[MATERIALS PROVIDED — start]

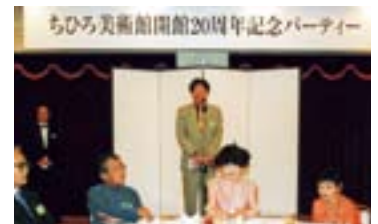
Party held to commemorate the 20th anniversary of Chihiro Art Museum Tokyo (1997)
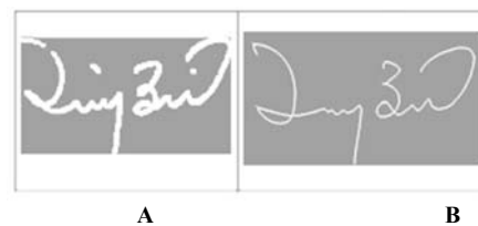
Fig 4: (A) Image after opening (B) Skeletization of Signature

To obtain one pixel signature image value we used skeletization. It removes pixels which are on the margins of objects. The effect of the skeletization is shown in the figure below. (Fig. 4) (A) Signature image after image opening (B) Signature image after skeletization.
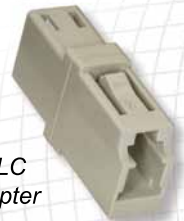
Multimode LC Simplex Adapter
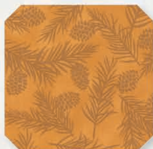
Pine Tree Monotone - 19915 17 * / B*
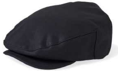
WASHED NAVY 10771-WANAV
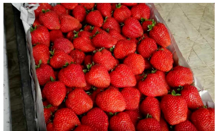
Strawberries ready for market

As can be seen, the strawberry he planted appears large and healthy looking with even, bright colour. The taste was good also.
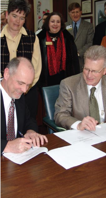
SWGTC and Thomas University Presidents sign articulation agreement.

Our College and our community working as a team.
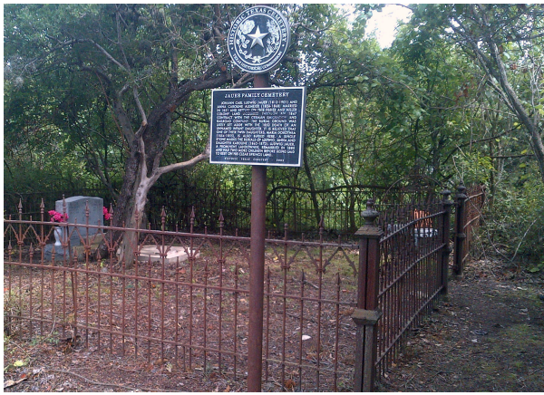
Jauer Family Cemetery after the restoration in June 2017
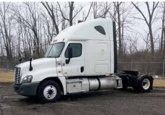
2014 Freightliner PX125042ST
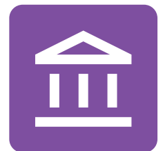
Government & Public Administration
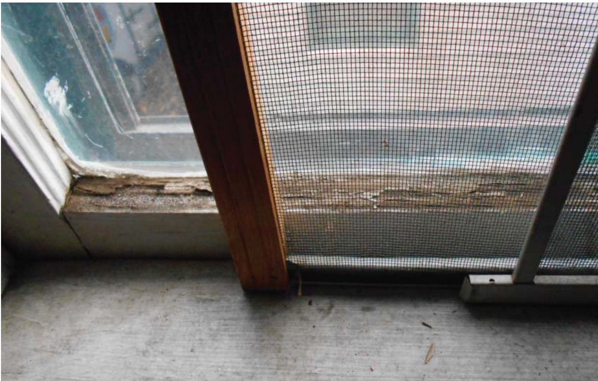
Photo 17 - Broken/dirty window frame
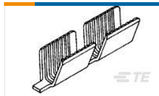
TE Part #62001-1 SPLICE AMVAR 3000-7000 020BR
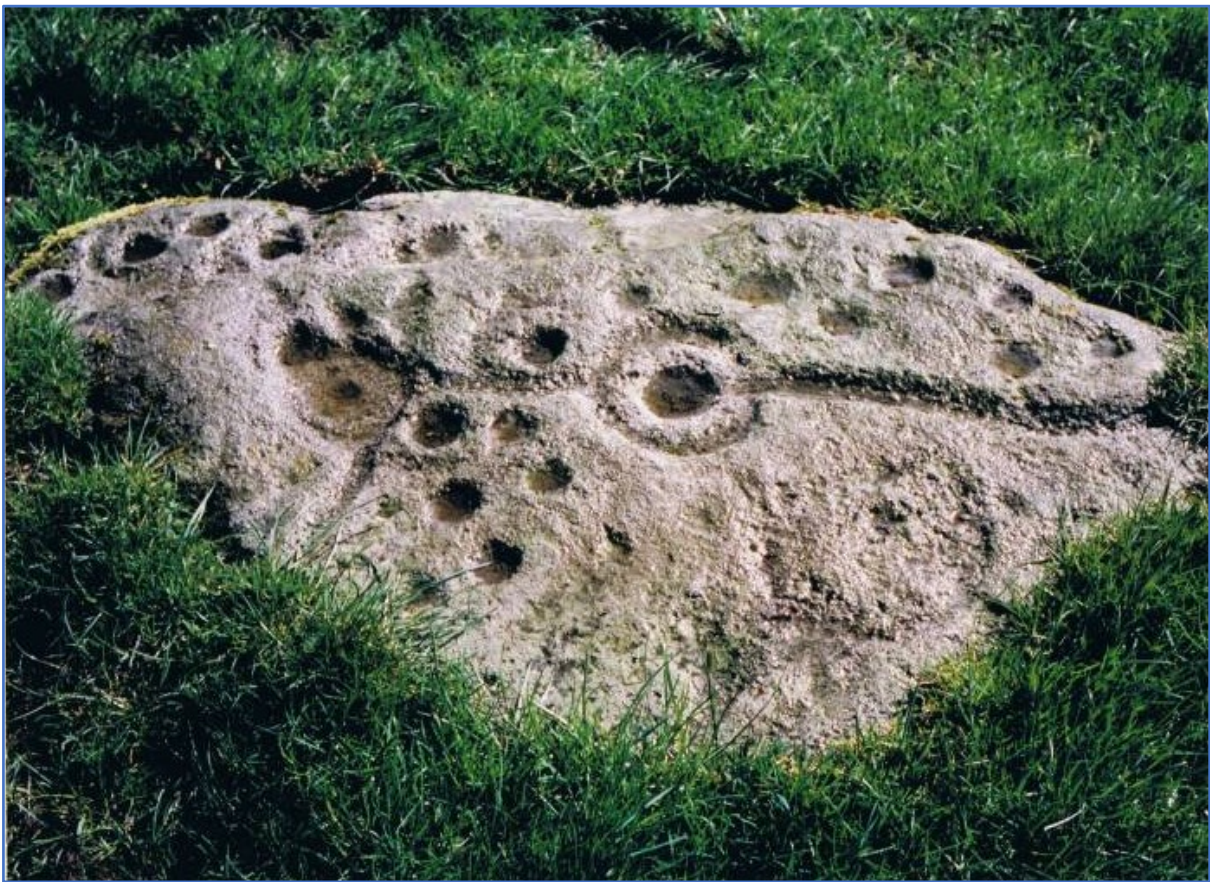
Rock Art at Howgill Head, Teesdale NY952205.

In summary we must conclude that there is frustratingly little evidence of Neolithic activity within the North Pennines, although we do have tantalising clues in the form of lithics, rock art and palaeoenvironmental evidence. It is quite possible that settlement was concentrated on the lower ground, with the high moors used for a combination of seasonal grazing and hunting. While attention is naturally drawn to the great Neolithic monuments such as Long Meg (at which further work is needed), it may be that much progress can be made through the recognition and investigation of small apparently domestic sites such as Kellah Burn. Finding these will not be easy, but rock art may provide some clues.
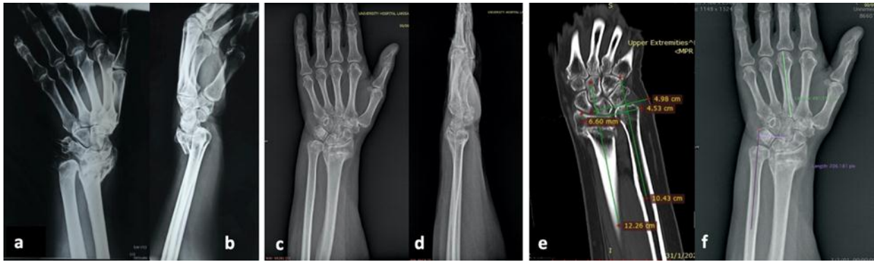
Figure 1: x-rays of the distal radius fracture in a 67-year-old female (a, b). Conservative treatment of the fracture by plaster immobilization resulted in a malunion as it is showed in 6-month follow-up x-rays (c, d). There is loss of radius height and ulna plus deformity of more than 6mm (e) while DRUJ diastasis drives to increased carpal translation index though the carpus is well centralized on the radius.

On the clinical examination, there was tenderness at the dorsal aspect of the wrist especially at the distal radioulnar joint (DRUJ) and decreased, painful range of movement at wrist including forearm pronation-supination. Hand was fixed in an ulnarly deviated position. Patient complained about numbness, dysesthesia and decreased sensation in the area of distribution of both median and ulnar nerve (all fingers) with no findings of motor impairment. She reported no history of pain or any type of sensory impairment in hand prior the injury.
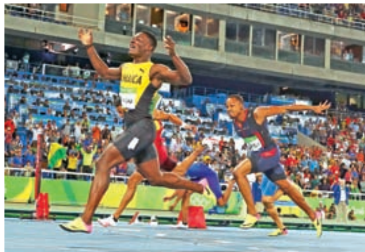
Omar McLeod (JAM) of Jamaica crosses the finish line to win the gold during Men's 110m Hurdles Final at Olympic Stadium, Rio de Janeiro, Brazil, on 16 August.

[MATERIALS PROVIDED — finish]

> **WORK TO COMPLETE**
Transcribe all of the data above verbatim but omit every picture.

> **FINAL ANSWER**
Party held to commemorate the 20th anniversary of Chihiro Art Museum Tokyo (1997)
Fig 4: (A) Image after opening (B) Skeletization of Signature

To obtain one pixel signature image value we used skeletization. It removes pixels which are on the margins of objects. The effect of the skeletization is shown in the figure below. (Fig. 4) (A) Signature image after image opening (B) Signature image after skeletization.
Multimode LC Simplex Adapter
Pine Tree Monotone - 19915 17 * / B*
WASHED NAVY 10771-WANAV
Strawberries ready for market

As can be seen, the strawberry he planted appears large and healthy looking with even, bright colour. The taste was good also.
SWGTC and Thomas University Presidents sign articulation agreement.

Our College and our community working as a team.
Jauer Family Cemetery after the restoration in June 2017
2014 Freightliner PX125042ST
Government & Public Administration
Photo 17 - Broken/dirty window frame
TE Part #62001-1 SPLICE AMVAR 3000-7000 020BR
Rock Art at Howgill Head, Teesdale NY952205.

In summary we must conclude that there is frustratingly little evidence of Neolithic activity within the North Pennines, although we do have tantalising clues in the form of lithics, rock art and palaeoenvironmental evidence. It is quite possible that settlement was concentrated on the lower ground, with the high moors used for a combination of seasonal grazing and hunting. While attention is naturally drawn to the great Neolithic monuments such as Long Meg (at which further work is needed), it may be that much progress can be made through the recognition and investigation of small apparently domestic sites such as Kellah Burn. Finding these will not be easy, but rock art may provide some clues.
Figure 1: x-rays of the distal radius fracture in a 67-year-old female (a, b). Conservative treatment of the fracture by plaster immobilization resulted in a malunion as it is showed in 6-month follow-up x-rays (c, d). There is loss of radius height and ulna plus deformity of more than 6mm (e) while DRUJ diastasis drives to increased carpal translation index though the carpus is well centralized on the radius.

On the clinical examination, there was tenderness at the dorsal aspect of the wrist especially at the distal radioulnar joint (DRUJ) and decreased, painful range of movement at wrist including forearm pronation-supination. Hand was fixed in an ulnarly deviated position. Patient complained about numbness, dysesthesia and decreased sensation in the area of distribution of both median and ulnar nerve (all fingers) with no findings of motor impairment. She reported no history of pain or any type of sensory impairment in hand prior the injury.
Omar McLeod (JAM) of Jamaica crosses the finish line to win the gold during Men's 110m Hurdles Final at Olympic Stadium, Rio de Janeiro, Brazil, on 16 August.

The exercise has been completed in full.